If we switch what we input as arguments to `correlation`, i.e. found the correlation between `mRNA Expression (Affy)` vs. `Copy Number` instead of the other way around, would the correlation change? Assign `correlation_change` to either `True` if you think yes, or `False` if you think no. **(4 Points)**

<!--
BEGIN QUESTION
name: q1_5
manual: false
points:
 - 0
 - 4
-->

In [17]:
correlation_change = ...

In [None]:
grader.check("q1_5")

<!-- BEGIN QUESTION -->

**Question 6**

Looking at both the scatter plots after Question 2 and the correlations computed in Question 4, what similarities or differences do you see in the strength of the linear relationships? **(6 Points)**

<!--
BEGIN QUESTION
name: q1_6
manual: true
-->

_Type your answer here, replacing this text._

<!-- END QUESTION -->

**Question 7**

Let's look at the relationship between mRNA Expression (Affy) vs. mRNA Expression (RNAseq) only.
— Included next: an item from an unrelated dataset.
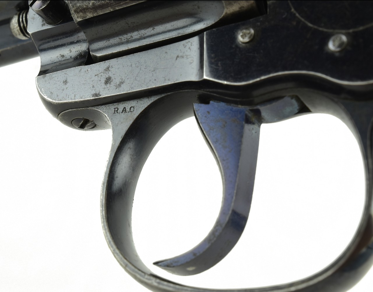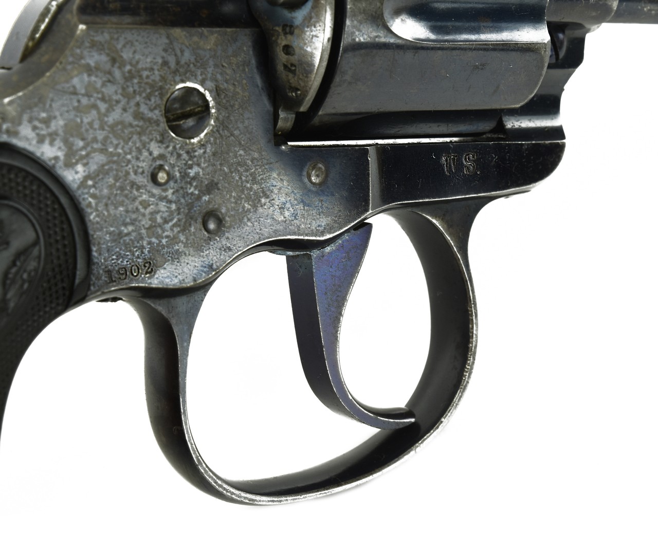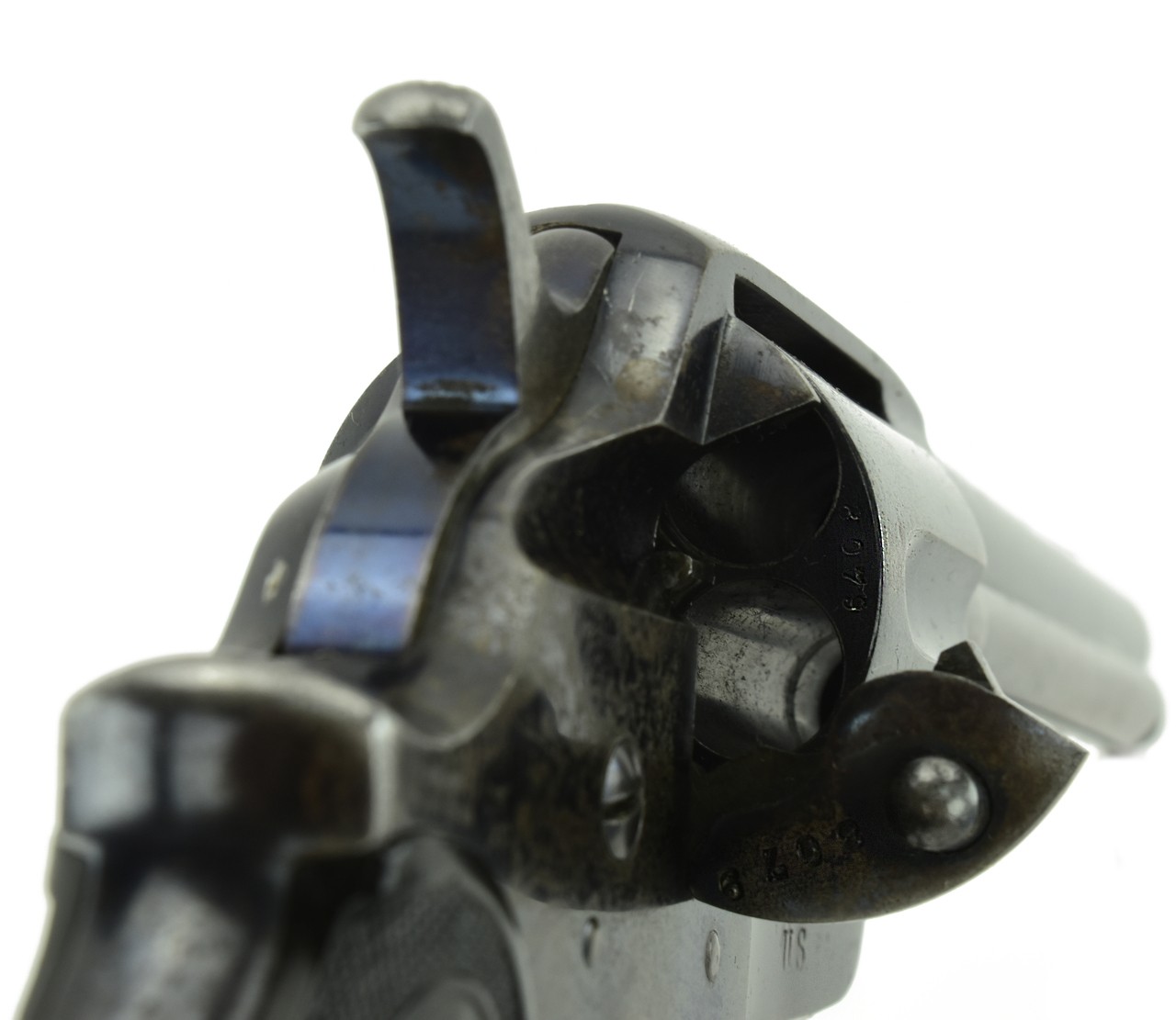 Colt 1902 Alaskan Model Revolver. .45 LC made in 1901. 75% of the original blue finish. Action locks up tight and works properly. Bore is excellent. The 1902s were issued to the U.S. Government and have various Inspectors markings. The differed from the 1878s by the enlarged trigger guards. Despite the collector’s term “Alaskan Model” these guns were not made for cold weather climates, they were issued entirely into the Philippines.

Define a function called `regression_parameters` that returns the parameters of the regression line as a two-item array containing the slope and intercept of the regression line as the first and second elements respectively. The function `regression_parameters` takes in two arguments, an array of `x` values, and an array of `y` values. **(7 Points)**

Note: Feel free to use as many lines as needed to define the slope and interecept of `regression_parameters`.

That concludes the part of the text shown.